Practical Applications

Immediate Applications

The following applications can be deployed now by leveraging MinerU-Diffusion’s block-wise diffusion decoding, confidence-guided parallelism, and uncertainty-aware training/selection. Each item indicates likely sectors, concrete workflows or products, and key assumptions/dependencies affecting feasibility.

  • Sector: Software/Enterprise Automation (RPA)
    • Use case: High-throughput document ingestion for back offices (invoices, purchase orders, contracts, KYC documents) with 2–3× faster decoding on long pages while preserving tables, formulas, and reading order.
    • Tools/Workflows: MinerU-Diffusion API as a recognizer; hybrid pipeline = external layout detector (e.g., PP-StructureV3 or existing layout models) + block-diffusion recognizer; confidence threshold knob (e.g., τ≈0.95) tuned to SLA; human-in-the-loop review triggered by low-confidence spans.
    • Assumptions/Dependencies: High-resolution scans; primarily English/Chinese; on-prem or cloud GPUs for inference; layout detection remains a bottleneck without GT layout.

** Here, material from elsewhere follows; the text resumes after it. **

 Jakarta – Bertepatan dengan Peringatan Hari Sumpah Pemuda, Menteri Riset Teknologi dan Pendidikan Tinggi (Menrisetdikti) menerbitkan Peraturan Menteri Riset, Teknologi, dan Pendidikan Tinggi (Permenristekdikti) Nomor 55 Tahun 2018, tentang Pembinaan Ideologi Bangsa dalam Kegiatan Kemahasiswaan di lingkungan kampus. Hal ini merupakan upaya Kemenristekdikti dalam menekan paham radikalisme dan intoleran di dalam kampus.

  • Sector: Finance and Insurance
    • Use case: Statement, invoice, claim, and policy document parsing with reduced hallucinations on numeric strings and codes due to lower reliance on linguistic priors (Semantic Shuffle robustness).

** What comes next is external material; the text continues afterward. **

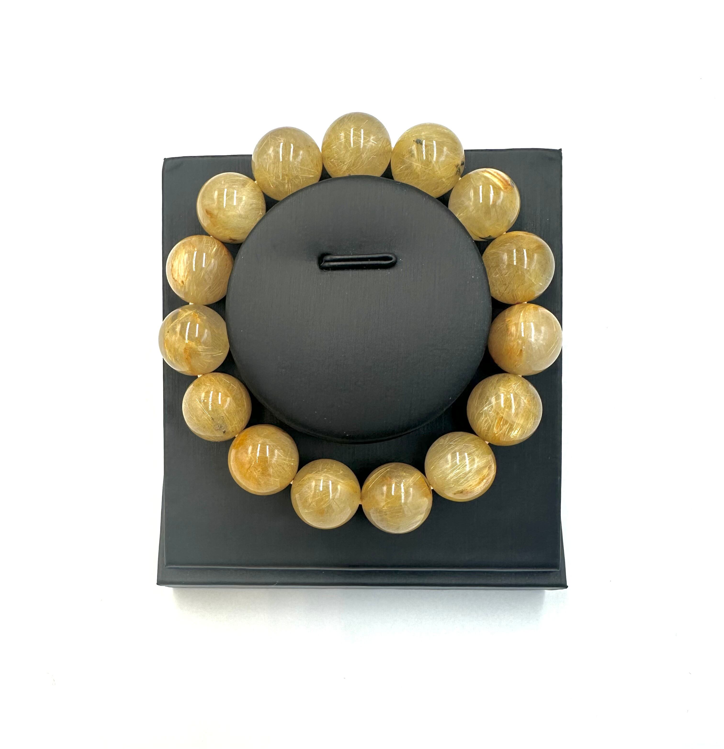(00876)(1点のみ)ゴールドルチルクォーツ 【14mm】 Rutilated Quartz タイチンルチル ヘマタイト ラウンドカット 金運 仕事運 天然石ブレスレット パワーストーン

    • Tools/Workflows: “Confidence-Tuned OCR Engine” with per-token uncertainty export; “Table-to-CSV/JSON” extractor; audit logs showing confidence and edits for compliance.
    • Assumptions/Dependencies: Regulated environments require on-prem deployment and auditability; performance on non-English scripts may need adaptation.
  • Sector: Legal/eDiscovery
    • Use case: Parsing long legal PDFs (briefs, discovery productions) with preserved reading order and layout for search, summarization, and clause extraction.
    • Tools/Workflows: PDF-to-structured-HTML/Markdown pipeline; “Reading Order Engine” to reconstruct document flow; batch-mode threshold tuning for speed/accuracy trade-offs per matter.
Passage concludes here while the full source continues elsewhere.